_What you are asked to do_.
Each entry must be given again exactly; images do not belong in the copy.

* * *

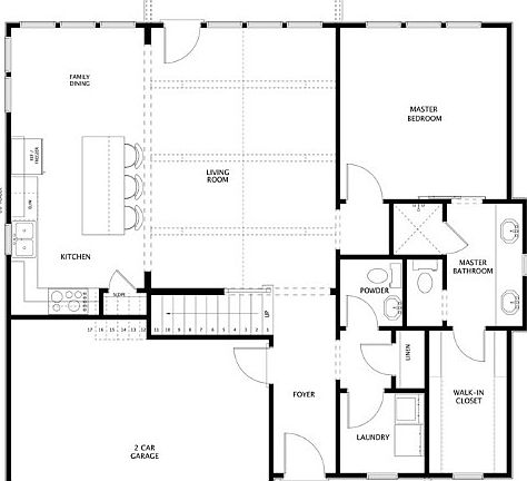Powder Room, Laundry Room & 2-car garage finish out the main floor. Estimated completion March 2023.
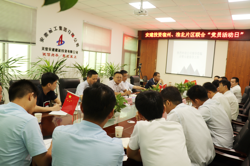 7月11日下午,由安建投資公司與安徽路橋集團共同組建的中共靈璧安建建設投資有限公司聯(lián)合黨支部舉行揭牌儀式。安建投資黨總支書記余志剛,副總經理黃國平、朱友良,安徽路橋集團工會主席、紀委書記王勝利共同為聯(lián)合支部揭牌并舉行黨建工作座談,安建投資淮北中湖及S101項目部分黨務工作者參加座談會。
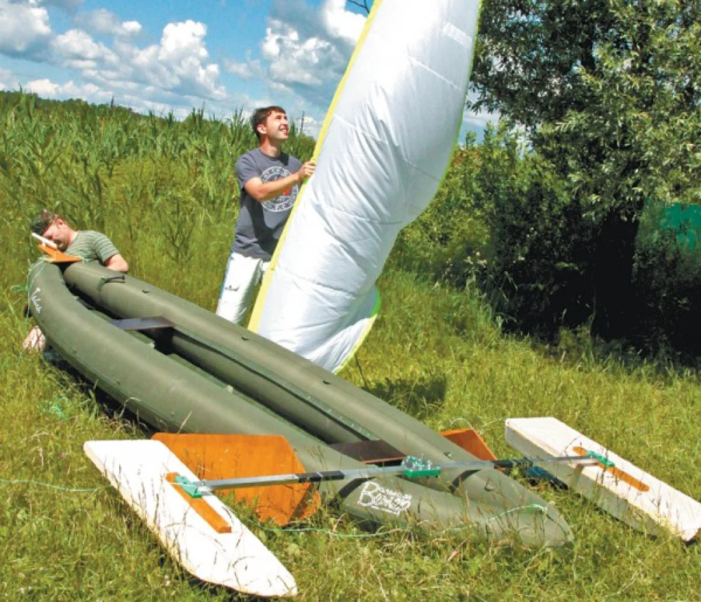 Недавно на калужском водохранилище мы застали двоих молодых людей, которые на травке собирали необычную конструкцию - к надувной лодке прикрепляли паруса.
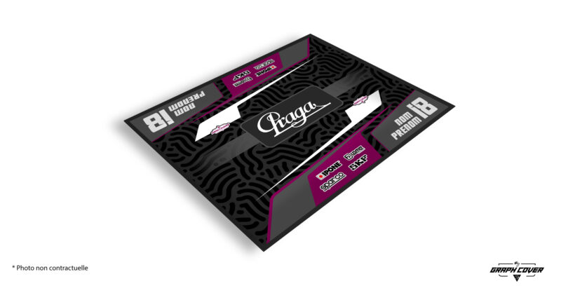 Le Tapis karting Praga Graph Cover est conçu pour les pilotes qui souhaitent allier performance, conformité et esthétisme. Il protège efficacement le sol du paddock tout en apportant une finition professionnelle à ton espace de travail. Grâce à sa conception sur mesure, il s’adapte parfaitement aux châssis Praga et répond aux exigences des compétitions officielles.
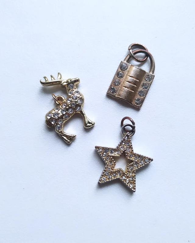 Лот подвесок шармов. Все вставки стеклянные. Олень в отличном состоянии. Звезда и замочек имеют потертости учтенного покрытия.
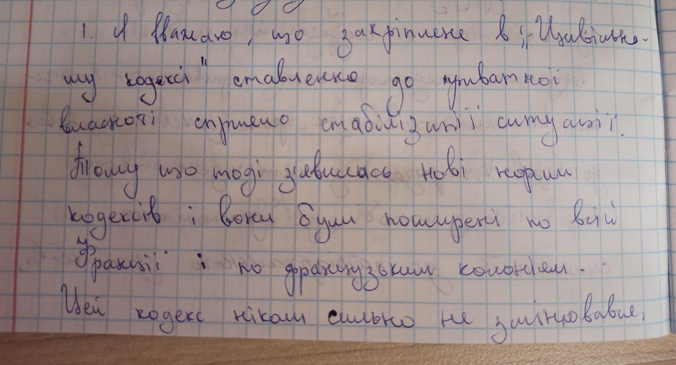 Чи можна вважати, що закріплене в «Цивільному кодексі» ставлення до приватної власності сприяло стабілізації ситуації в післяреволюційній Франції? Чому?
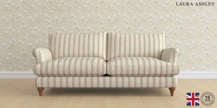 6.12.1 Buy Westley by Laura Ashley 3 Seater Sofa Kinsham Stripe Natural Mid Turned - Teak from the Laura Ashley online shop Click here to use our website with more accessibility support, for example screen readers
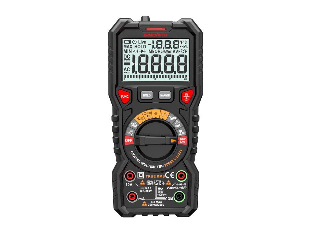 Multimetr Ermenrich Zing TC32 je kompaktní a lehký přístroj, který se vejde do kapsy. Přístroj je napájen bateriemi. Když jsou baterie vybité, přístroj vás na to upozorní. Pro úsporu energie je k dispozici funkce automatického vypnutí. K dispozici je vestavěná svítilna.
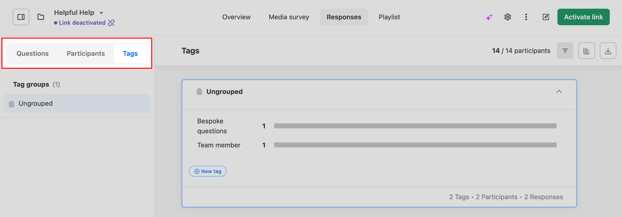 To view responses organized by your custom tags, open the Tags tab in the left sidebar:
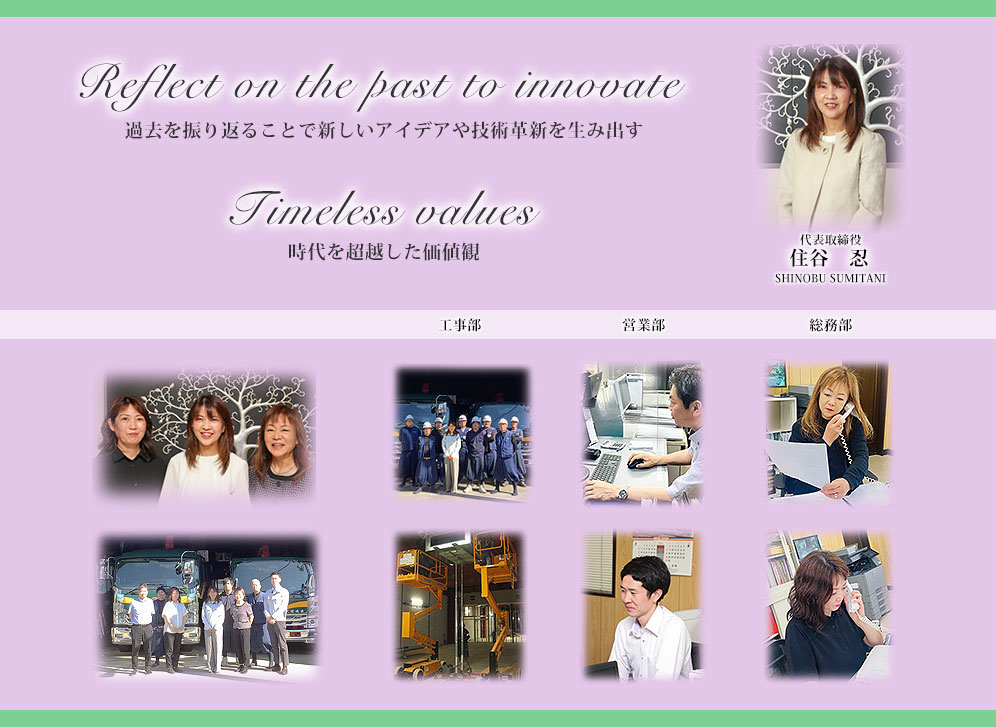 | 社員構成 | ●役員:3名 ●事務員:4名 ●作業責任者:5名 ●自家作業員:10名 ●協力会社作業員:20名 |
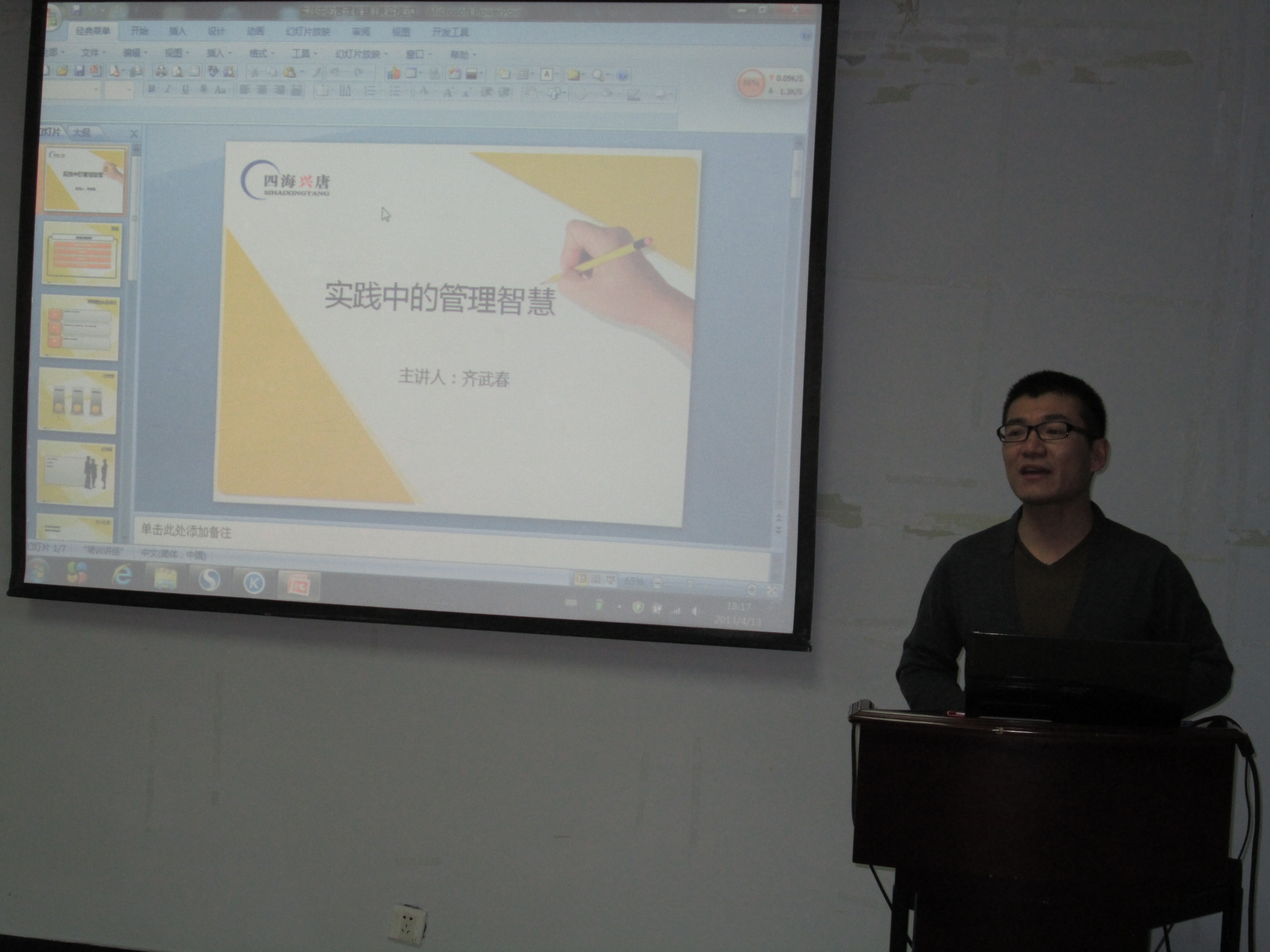 首先,齐老师就人手、人才、人物三者的区别及其对公司的重要性进行论述,随后又提出了作为一个企业的leader所应具备的最重要的品质“在信任、平等的基础上,更要具备前瞻力和全局观”。随后马老师提出了四点管理经验—“注重自身的修养”、“设立明确的目标”、“制定合理的计划”、“传输宝贵的经验”,着其中又渗透着“如何制定规范”、“如何根据员工的面部表情判断员工的工作状态”等诸多问题,并且鲜明地提出大公司与小公司成立初期的区别,可谓发人深思。最后,齐老师着重提出一个管理者所应具备的首要精神—乐观主义,并指出如何以自己积极向上的状态感染员工,从而为公司创造更大的效益。
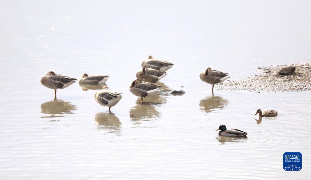近日,在遼寧省瀋陽市渾河上,一群群鴻雁、赤麻鴨、鴛鴦等候鳥遷徙來此棲息。它們成群結隊在河面上覓食、休憩,成為冬日裏一道美麗的風景線。

* * *

_Result of this exercise_.
Powder Room, Laundry Room & 2-car garage finish out the main floor. Estimated completion March 2023.
 7月11日下午,由安建投資公司與安徽路橋集團共同組建的中共靈璧安建建設投資有限公司聯(lián)合黨支部舉行揭牌儀式。安建投資黨總支書記余志剛,副總經理黃國平、朱友良,安徽路橋集團工會主席、紀委書記王勝利共同為聯(lián)合支部揭牌并舉行黨建工作座談,安建投資淮北中湖及S101項目部分黨務工作者參加座談會。
 Недавно на калужском водохранилище мы застали двоих молодых людей, которые на травке собирали необычную конструкцию - к надувной лодке прикрепляли паруса.
 Le Tapis karting Praga Graph Cover est conçu pour les pilotes qui souhaitent allier performance, conformité et esthétisme. Il protège efficacement le sol du paddock tout en apportant une finition professionnelle à ton espace de travail. Grâce à sa conception sur mesure, il s’adapte parfaitement aux châssis Praga et répond aux exigences des compétitions officielles.
 Лот подвесок шармов. Все вставки стеклянные. Олень в отличном состоянии. Звезда и замочек имеют потертости учтенного покрытия.
 Чи можна вважати, що закріплене в «Цивільному кодексі» ставлення до приватної власності сприяло стабілізації ситуації в післяреволюційній Франції? Чому?
 6.12.1 Buy Westley by Laura Ashley 3 Seater Sofa Kinsham Stripe Natural Mid Turned - Teak from the Laura Ashley online shop Click here to use our website with more accessibility support, for example screen readers
 Multimetr Ermenrich Zing TC32 je kompaktní a lehký přístroj, který se vejde do kapsy. Přístroj je napájen bateriemi. Když jsou baterie vybité, přístroj vás na to upozorní. Pro úsporu energie je k dispozici funkce automatického vypnutí. K dispozici je vestavěná svítilna.
 To view responses organized by your custom tags, open the Tags tab in the left sidebar:
 | 社員構成 | ●役員:3名 ●事務員:4名 ●作業責任者:5名 ●自家作業員:10名 ●協力会社作業員:20名 |
 首先,齐老师就人手、人才、人物三者的区别及其对公司的重要性进行论述,随后又提出了作为一个企业的leader所应具备的最重要的品质“在信任、平等的基础上,更要具备前瞻力和全局观”。随后马老师提出了四点管理经验—“注重自身的修养”、“设立明确的目标”、“制定合理的计划”、“传输宝贵的经验”,着其中又渗透着“如何制定规范”、“如何根据员工的面部表情判断员工的工作状态”等诸多问题,并且鲜明地提出大公司与小公司成立初期的区别,可谓发人深思。最后,齐老师着重提出一个管理者所应具备的首要精神—乐观主义,并指出如何以自己积极向上的状态感染员工,从而为公司创造更大的效益。
近日,在遼寧省瀋陽市渾河上,一群群鴻雁、赤麻鴨、鴛鴦等候鳥遷徙來此棲息。它們成群結隊在河面上覓食、休憩,成為冬日裏一道美麗的風景線。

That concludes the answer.